Liputan6.com, Jakarta- Kedutaan Besar Republik Indonesia (KBRI) di Kuala Lumpur, Malaysia memulangkan 9 tenaga kerja wanita Indonesia (TKI) korban tindak pidana perdagangan orang (TPPO) yang dipekerjakan sebagai pekerja seks komersial (PSK).
Dari 9 TKW tersebut, 8 di antaranya merupakan korban TPPO yang diberangkatkan oleh agen perseorangan berkewarganegaraan Indonesia atas nama FZ atau dikenal dengan nama panggilan Ina. 7 Orang di antaranya berusia di bawah umur, namun data tanggal kelahiran mereka di paspor diubah menjadi lebih tua.
"Para korban tersebut dijanjikan bekerja di rumah makan atau salon dengan gaji besar di Malaysia, namun ternyata dipekerjakan sebagai PSK. Mereka dikirim ke Malaysia dengan menggunakan paspor yang identitasnya tidak asli terutama usianya," kata Duta Besar RI untuk Malaysia Herman Prayitno dalam keterangan tertulis yang diterima Liputan6.com di Jakarta, Rabu (23/4/2014).
Dijelaskan dia, data KBRI Kuala Lumpur mencatat tiap tahun jumlah kasus TPPO yang ditangani oleh KBRI Kuala Lumpur meningkat yaitu 2 kasus (2012), 7 kasus (2013) dan 3 kasus (kuartal I 2014).

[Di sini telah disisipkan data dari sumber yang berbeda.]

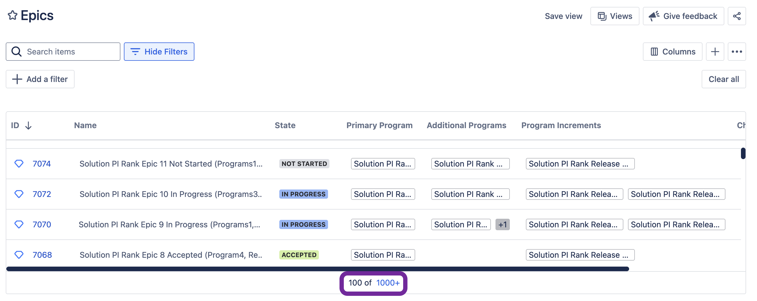 The total number of epics is now available at the bottom of the page. When there are fewer than 1000 epics meeting your filter criteria, the exact number is displayed instantly.

Terungkapnya kasus TPPO dengan korban perempuan di bawah umur yang dijadikan PSK merupakan fenomena baru yang sangat mencemaskan.
Berdasarkan informasi dari para korban, masih banyak korban lainnya yang dieksploitasi sebagai PSK. Sebagian besar dari mereka masih di bawah umur. Saat ini KBRI terus berkoordinasi dengan Divisi Anti-Trafficking Polisi Malaysia untuk menyelamatkan mereka.
"Dari informasi yang telah terkumpul, KBRI Kuala Lumpur menilai apa yang saat ini terungkap hanya sebagai fenomena puncak gunung es dan diduga jaringan Ina hanya salah satu jaringan perdagangan orang yang beroperasi di Malaysia," jelas Herman.
Pada 22 April 2014, KBRI Kuala Lumpur juga menerima 3 korban TPPO yang dipekerjakan sebagai PSK yang salah satunya masih berusia 15 tahun. Namun ketiga WNI yang direkrut jaringan berbeda dengan jaringan Ina tersebut belum dapat dipulangkan.
"Saat ini KBRI Kuala Lumpur terus bekerja sama secara intensif dengan instansi terkait di Indonesia, terutama Direktorat Jenderal Imigrasi, Kementerian Hukum dan HAM RI yang telah secara cepat merespons mendukung penanganan kasus ini dengan memperkuat pengawasan pembuatan paspor di seluruh Kantor Imigrasi di Indonesia," ujar Herman.
Menurut dia, penegakan hukum yang efektif kepada semua pihak yang terlibat mulai perekrutan hingga pengiriman sangat diperlukan untuk memberikan efek jera. Otoritas Malaysia saat ini masih mengejar Ina yang telah diketahui identitas dan alamatnya di Malaysia. Selanjutnya, aparat penegak hukum di Indonesia dapat segera membongkar jaringan perekrutan kelompok Ina maupun yang lainnya.
"KBRI Kuala Lumpur mengajak semua pihak untuk bersama-sama memperkuat aspek pencegahan dengan melakukan public awareness campaign guna meningkatkan kewaspadaan, termasuk orangtua, terutama dengan adanya iming-iming bekerja di Malaysia dengan dijanjikan bayaran yang menggiurkan," tandas Herman.